Attractions
A Versatile Venue

Fields that once were prolific with wheat have now found a new purpose at P Bar Farms in Hydro, Okla. Now, colorful sunflowers abound, attracting visitors from all across the state who come for photo opportunities. In another 10-acre section, specialty corn is grown specifically to be mowed to a specific pattern, transforming into a maze that sees upwards of 15,000[LM1] visitors annually.
It’s not that Loren and Kim Liebscher couldn’t make a traditional farm work; it’s more that they were looking for something fun to do for a few years.
P Bar Farms is named for Travis Payne, Kim’s father. “We used to farm traditionally here. We were farming and her dad got sick. I kind of lost my love to farm, so I began praying that God would give me something to put the fun back into farming,” Loren shared.
It was just two weeks later that God delivered a sign that would change the course for P Bar Farm. “I read in a Progressive Farmer magazine about a guy doing a corn maze in Nashville, Tenn. We found out that the first Annual Corn Maze Convention was only two or three weeks after that,” he said. “So, we drove to Salt Lake City for the first convention, and that’s how we got started.”
Loren and Kim admit they knew nothing about corn mazes, but they learned plenty during the convention. “The Convention was actually part of a franchise company that was looking to add farms. We joined, and for the fee they gave us all the secrets and designs for the maze and everything,” Loren explained.
After a few years, the Liebschers opted out of the franchise. “We felt like we knew what we were doing by then,” Kim said.
The first P Bar Farms corn maze was grown and cut in 2001, but then 9/11 happened. The uncertainty that plagued the country made its way to Hydro, and it wasn’t a given that the corn maze adventure would even get out of the gate. “We thought that was going to be the end.
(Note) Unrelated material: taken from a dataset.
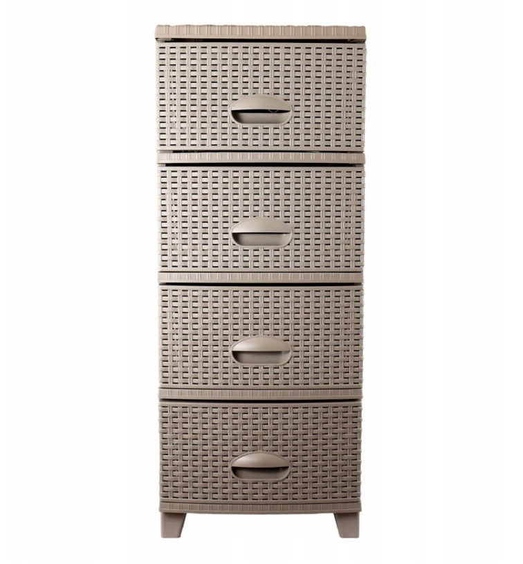 4 patrová komoda vyrobená z plastové elegantní imitace ratanu. Vhodná do koupelny, dětského pokoje. ložnice, garáže, dílny, skladu apod. kamkoli, kde je klíčový pořádek a styl! Zesílená konstrukce – zvýšená stabilita, trvanlivost a odolnost. Pevný materiál – odolný vůči vlhkosti, bez zápachu a...

We had hoped that if we got 1,000 people to come during that first season, at $5 a person, we’d be doing well. A $5,000 addition to your income is pretty good for a farmer,” Loren said. “That first year we wound up having close to 5,000, even with 9/11. We had one customer explain it to us. She said, ‘I’ve never felt so safe having my kids so lost, but it’s a family farming operation, and nothing’s going to happen here on the farm. It has that good feeling where people feel safe and comfortable.”
Kim added, “We just wanted to have something fun that was light-hearted. We didn’t anticipate being busy – we were just having fun. We thought we could do it, but if not, we don’t have anything to lose.”
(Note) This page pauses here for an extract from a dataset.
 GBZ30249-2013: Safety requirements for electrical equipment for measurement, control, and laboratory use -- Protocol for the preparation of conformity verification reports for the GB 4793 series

With the success of the first year, the Liebschers knew they would do the corn maze again. They built a barn and added a new concession stand. They also interviewed some tough critics; teachers that came out to the farm. “We had a retired schoolteacher that worked for us, and she said if you want to get the truth to interview teachers. So, we created a survey that all the teachers filled out, and everything that came back said it was wonderful, a great concept, and a great idea,” Loren said. “But, they added they weren’t coming back until we got indoor bathrooms. That was the number one request from the teachers, so we definitely made that change.”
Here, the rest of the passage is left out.